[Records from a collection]
------------------------------------------------------------

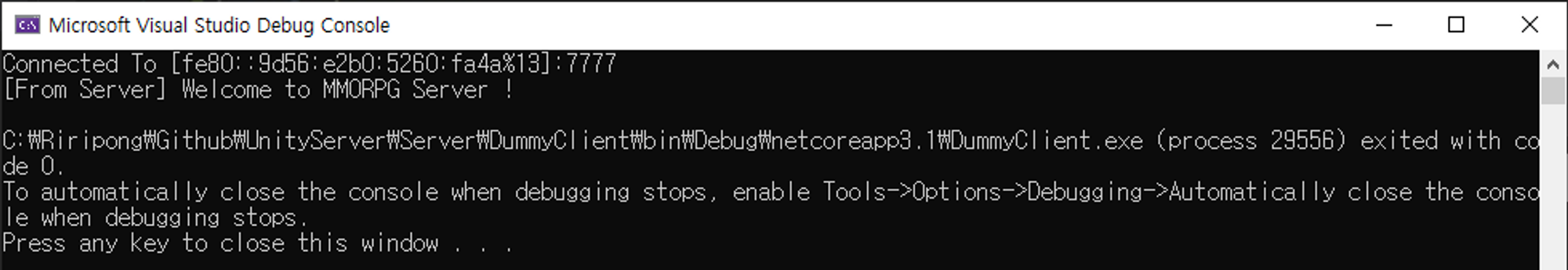 DummyClient.exe를 실행해보면
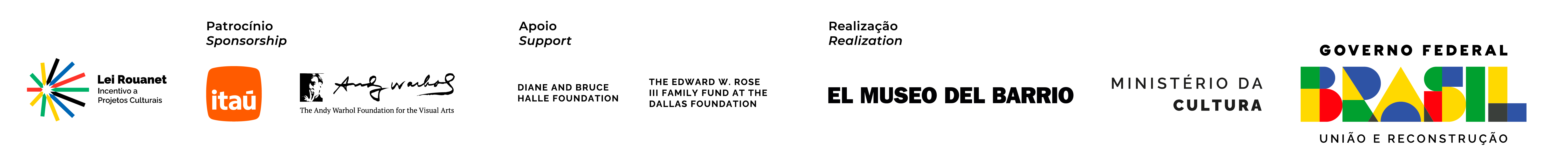 Mestre Didi: Spiritual Form is presented by the Ministério da Cultura of Brazil, Itaú, and the Andy Warhol Foundation for the Visual Arts. Additional support is provided by the Diane & Bruce Halle Foundation and The Edward W. Rose III Family Fund at The Dallas Foundation, and by Guilherme Simões de Assis, Almeida & Dale Galeria da Arte, São Paulo, James Cohan Gallery, Flavia & Guilherme Teixeira, Fernanda Feitosa & Heitor Martins, Allan Schwartzman, and Graham Steele.
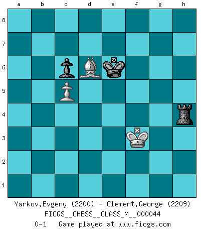 Last move : 0-1 2012 January 4 5:33:36 [Event "FICGS__CHESS__CLASS_M__000044"] [Site "FICGS"] [Date "2011.02.26"] [Round "1"] [White "Yarkov,Evgeny"] [Black "Clement,George"] [Result "0-1"] [WhiteElo "2200"] [BlackElo "2209"] 1.e4 c6 2.d4 d5 3.e5 c5 4.dxc5 e6 5.Be3 Ne7 6.c3 Nd7 7.Bb5 a6 8.Ba4 Nc6 9.b4 Ndxe5 10.Nf3 Nxf3+ 11.Qxf3 Be7 12.O-O O-O 13.Nd2 Bf6 14.Bf4 e5 15.Bg3 e4 16.Qe3 a5 17.Rfd1 axb4 18.Bxc6 bxc6 19.Nxe4 Bxc3 20.Nxc3 Ra3 21.Qd4 bxc3 22.Rdc1 Re8 23.f3 Re2 24.Rxc3 R3xa2 25.Rxa2 Rxa2 26.Rb3 Qg5 27.Qe3 Qxe3+ 28.Rxe3 Be6 29.h3 h5 30.Rb3 f6 31.Rb8+ Kf7 32.Rb7+ Ke8 33.Rxg7 d4 34.Rb7 d3 35.Bf4 Bc4 36.Rb1 Kf7 37.Rd1 Ke6 38.Rd2 Ra1+ 39.Kf2 Kd5 40.Be3 Ba6 41.h4 f5 42.g3 Kc4 43.Kg2 Kc3 44.Kf2 Bc4 45.Bf4 Bb3 46.Be3 Bd1 47.Bh6 Be2 48.Ke3 Rg1 49.Bf4 Rf1 50.Rxe2 dxe2 51.Kxe2 Rb1 52.Ke3 Re1+ 53.Kf2 Rd1 54.g4 fxg4 55.fxg4 Rh1 56.Bg5 hxg4 57.Kg3 Kd4 58.Kxg4 Ke4 59.Kg3 Rg1+ 60.Kf2 Rg4 61.Bd8 Ke5 62.Kf3 Rc4 63.Be7 Ke6 64.Bd6 Rxh4 0-1 This chess game has been lost on time (started : 2011.02.26 0:29:46) Caro-Kann : Advance variation Kingside Castling by player White (move 12) Kingside Castling by player Black (move 12) 10 pieces endgame at move 54 : White KBPPP , Black KRPPP WHITE : King + 1 Bishop 3 Pawns BLACK : King + 1 Rook 3 Pawns 9 pieces endgame at move 55 : White KBPPP , Black KRPP WHITE : King + 1 Bishop 3 Pawns BLACK : King + 1 Rook 2 Pawns 8 pieces endgame at move 56 : White KBPP , Black KRPP WHITE : King + 1 Bishop 2 Pawns BLACK : King + 1 Rook 2 Pawns 7 pieces endgame at move 58 : White KBPP , Black KRP WHITE : King + 1 Bishop 2 Pawns BLACK : King + 1 Rook 1 Pawn 6 pieces endgame at move 64 : White KBP , Black KRP WHITE : King + 1 Bishop 1 Pawn BLACK : King + 1 Rook 1 Pawn Player Black won this chess game. Follow this game move after move (download)Not only will I predict his triumph over Botvinnik, but I'll go further and say that he'll probably be the greatest Chess player that ever lived. (John Collins) Jeder leidlich begabte Spieler, er braucht keineswegs hervorragend veranlagt zu sein, kann es zum Meister bringen. Aber das ist ja auch gar nicht nötig! Der richtige Standpunkt ist es, zu seinem Vergnügen zu spielen, und man glaube ja nicht, dass der Genuss proportional dem Können sei. (Siegbert Tarrasch) Los Peones son nacidos libres, y aún así, se encuentran encadenados por todos lados. (Rick Kennedy) Il s'avisa de me proposer d'apprendre les échecs qu'il jouait un peu... me voilà forcené des échecs. J'achète un échiquier, je m'enferme dans ma chambre, j'y passe des jours et des nuits à vouloir apprendre par cur toutes les parties. (Jean-Jacques Rousseau, Confessions) Now you put water in a cup, it becomes the cup; You put water into a bottle it becomes the bottle; You put it in a teapot it becomes the teapot. Water can flow or it can crash. Be water, my friend. (Bruce Lee)
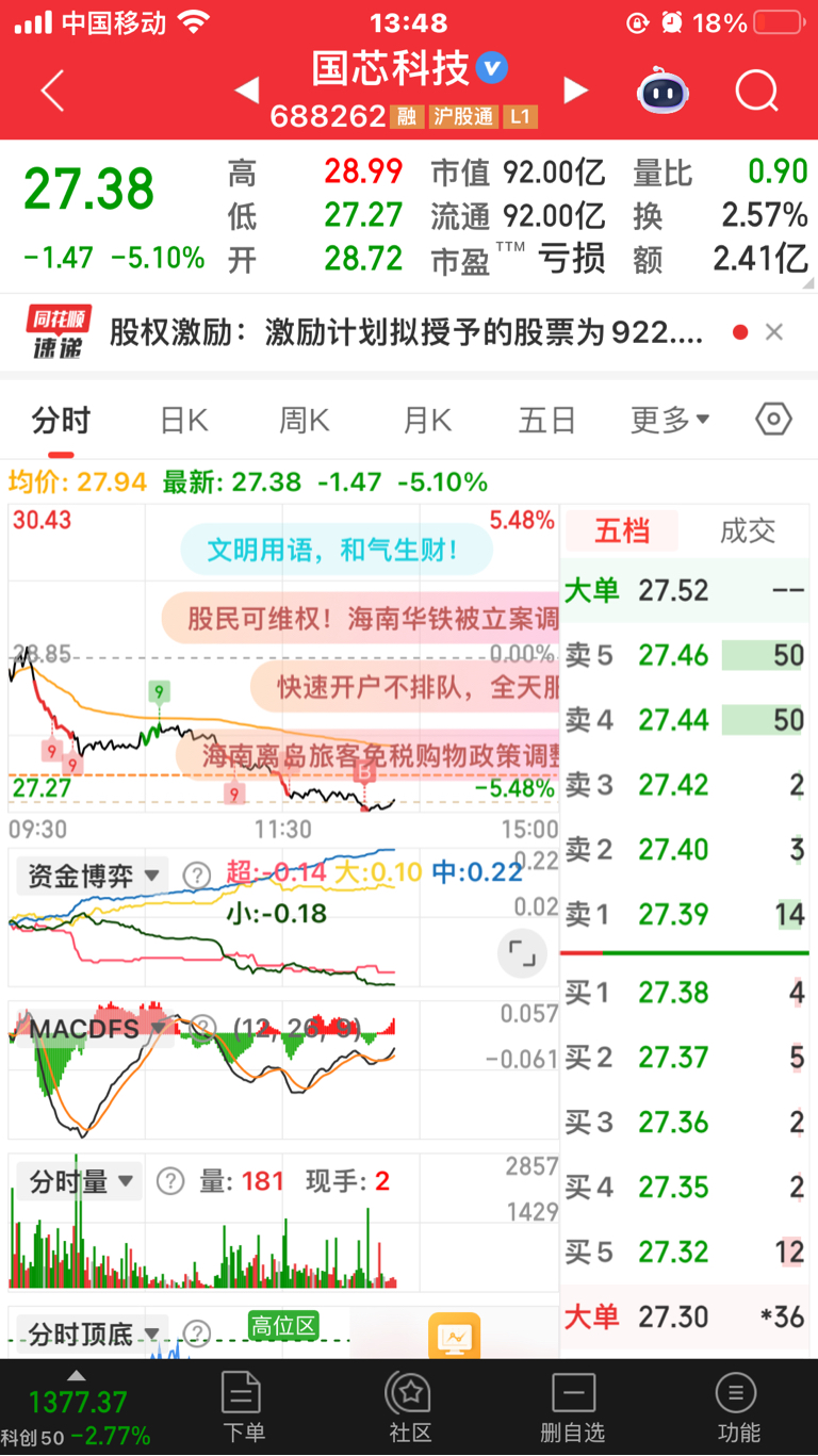 $国芯科技(SH688262)$ 又坐过山车,今天加仓,不信这么邪!
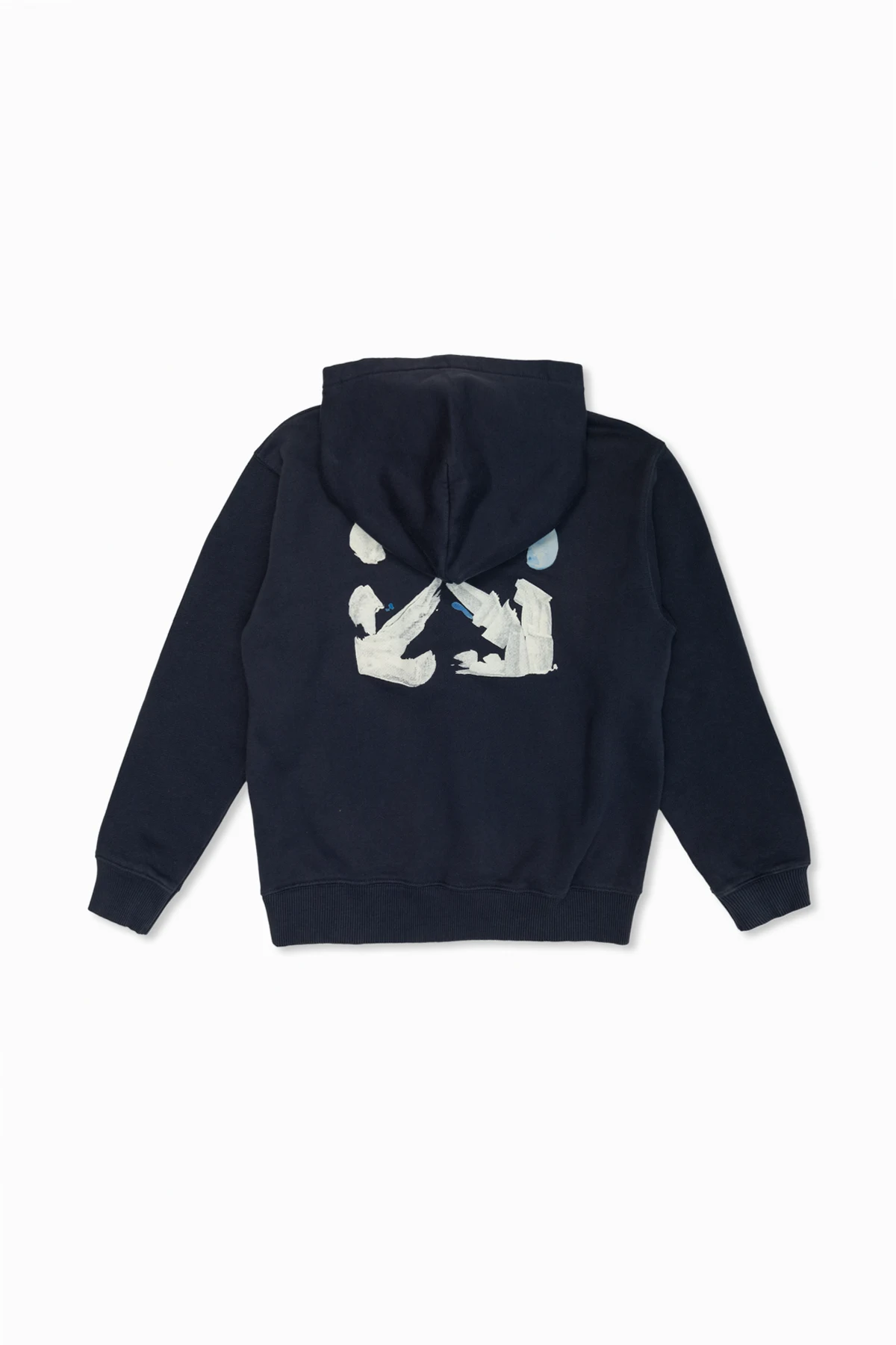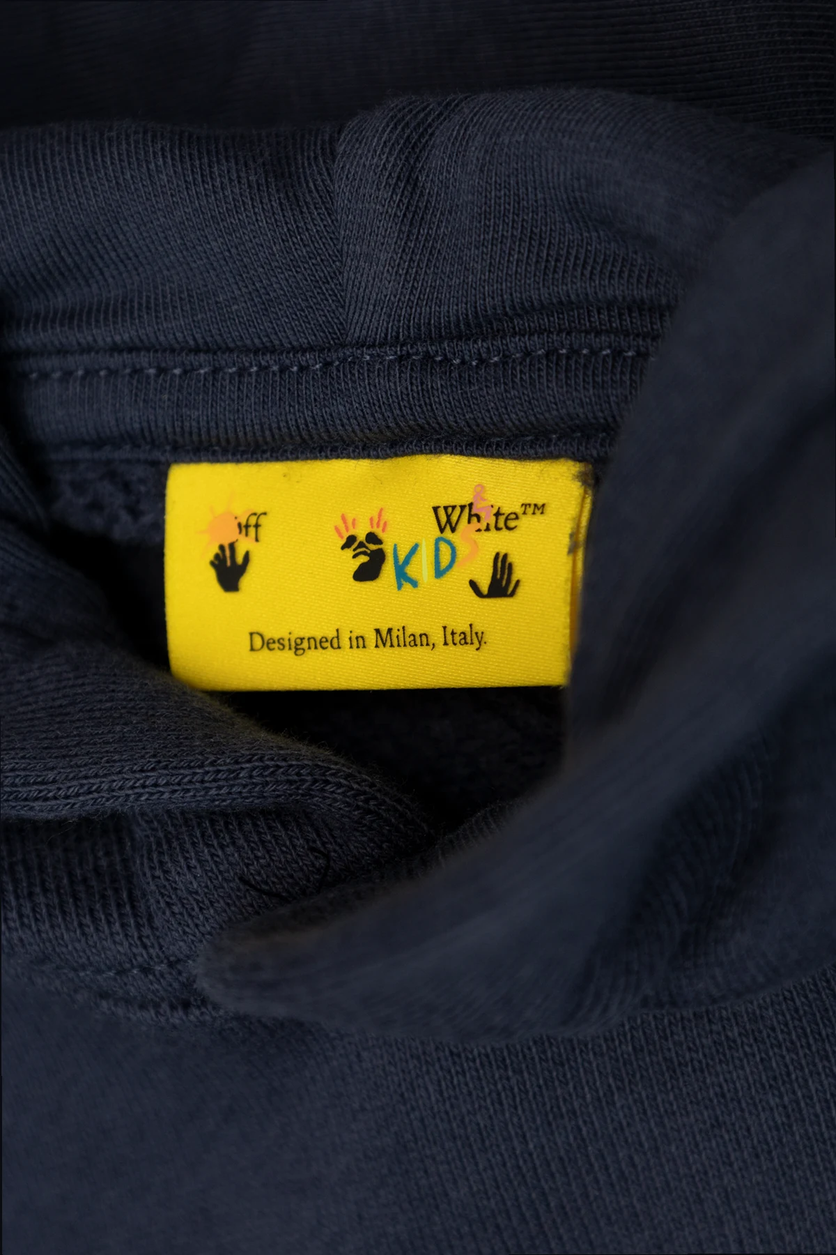 Introducing the Off-White™ Kids Hoodie, an epitome of sophisticated style and remarkable craftsmanship. Designed for boys aged 4 to 14, this navy blue hoodie seamlessly blends comfort with contemporary fashion. The classic design features long sleeves, a kangaroo pocket, and a hood, offering both practicality and a timeless silhouette. Crafted from high-quality cotton, it ensures unparalleled comfort and durability. Adorned with distinctive light blue arrow prints and the iconic "Off-White™" logo on the front and back, this hoodie exemplifies the brand's unique aesthetic. Additional details such as the yellow "Off-White™ KD" label and small hand drawings on the inner tag highlight the garment's exclusive nature. Why purchase this product? High-quality, comfortable cotton material Iconic design by renowned brand Off-White™ Exclusive, limited edition piece Practical features including a kangaroo pocket and hood Stylish and contemporary prints
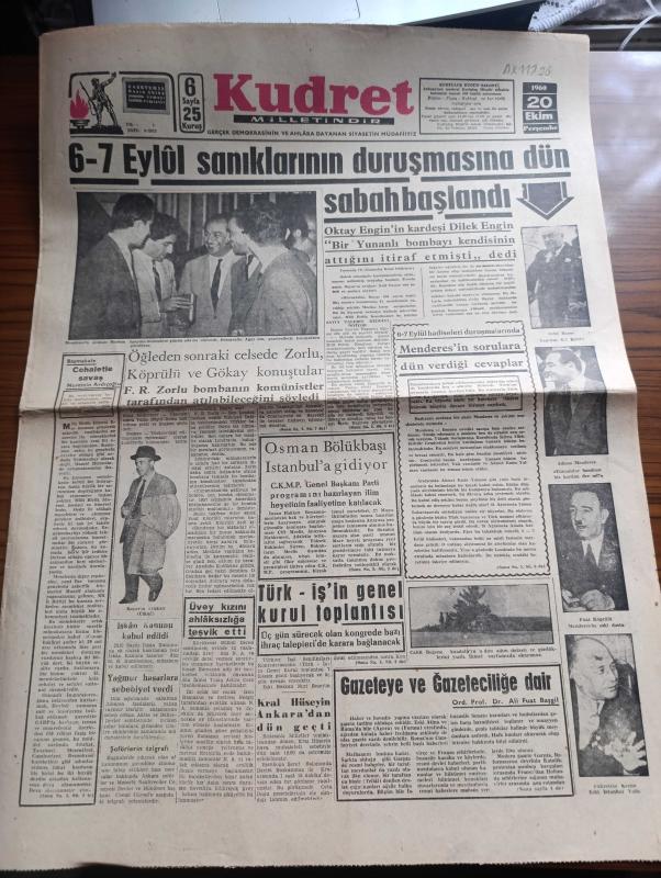 Kudret Gazetesi - Turkish Newspaper - 20 Ekim 1960 - cehaletle savaş yazan Nurettin Ardıçoğlu Başmakale - 6-7 Eylül sanıklarının duruşmasına dün sabah başlandı - Adnan Menderes'in avukatı Burhan Apaydın günün adamı oluverdi Fotoğrafı - Oktay Engin'in kardeşi Dilek Engin bir Yunanlı bombayı kendisinin attığını itiraf etmişti dedi - Celal Bayar Tazıdan 6-7 eylül'e Fotoğrafı - Adnan Menderes Yunanlılar bombayı biz koyduk der mi Fotoğrafı - Osman Bölükbaşı İstanbul'a gidiyor - öğleden sonraki celsede Fatin Rüştü Zorlu Fuat Köprülü ve Fahrettin Kerim Gökay konuştular - Fatin Rüştü Zorlu bombanın komünistler tarafından atılabileceğini söyledi - ünlü Fransız rejisörü Clouzot Brigitte Bardot'a intihar sahnesini ihtimam ile tekrarlatırken Fotoğrafı - Nijerya kongo'ya asker gönderiyor - CMKP irtica partisi mi yazan Kadircan Kaflı - 31 Mart vakası - 6 7 Eylül hadiseleri nasıl cereyan etmişti - Mareşal Fevzi Çakmak'a komünistlik damgası vurulmak istenmişti - Futbol Federasyonu toplantısı bitti, Fethi Giray tarafından kaleme alınmıştır. Kudret Gazetesi - Turkish Newspaper - 20 Ekim 1960 - cehaletle savaş yazan Nurettin Ardıçoğlu Başmakale - 6-7 Eylül sanıklarının duruşmasına dün sabah başlandı - Adnan Menderes'in avukatı Burhan Apaydın günün adamı oluverdi Fotoğrafı - Oktay Engin'in kardeşi Dilek Engin bir Yunanlı bombayı kendisinin attığını itiraf etmişti dedi - Celal Bayar Tazıdan 6-7 eylül'e Fotoğrafı - Adnan Menderes Yunanlılar bombayı biz koyduk der mi Fotoğrafı - Osman Bölükbaşı İstanbul'a gidiyor - öğleden sonraki celsede Fatin Rüştü Zorlu Fuat Köprülü ve Fahrettin Kerim Gökay konuştular - Fatin Rüştü Zorlu bombanın komünistler tarafından atılabileceğini söyledi - ünlü Fransız rejisörü Clouzot Brigitte Bardot'a intihar sahnesini ihtimam ile tekrarlatırken Fotoğrafı - Nijerya kongo'ya asker gönderiyor - CMKP irtica partisi mi yazan Kadircan Kaflı - 31 Mart vakası - 6 7 Eylül hadiseleri nasıl cereyan etmişti - Mareşal Fevzi Çakmak'a komünistlik damgası vurulmak istenmişti - Futbol Federasyonu toplantısı bitti adlı eser Türkçe dilindedir.

------------------------------------------------------------

▶ [Assigned task]:
With the pictures left out, restate word for word every line of the data above, from the first down to the line that contains "Mestre Didi: Spiritual".

▶ [Finished exercise]:
 DummyClient.exe를 실행해보면
 Mestre Didi: Spiritual Form is presented by the Ministério da Cultura of Brazil, Itaú, and the Andy Warhol Foundation for the Visual Arts. Additional support is provided by the Diane & Bruce Halle Foundation and The Edward W. Rose III Family Fund at The Dallas Foundation, and by Guilherme Simões de Assis, Almeida & Dale Galeria da Arte, São Paulo, James Cohan Gallery, Flavia & Guilherme Teixeira, Fernanda Feitosa & Heitor Martins, Allan Schwartzman, and Graham Steele.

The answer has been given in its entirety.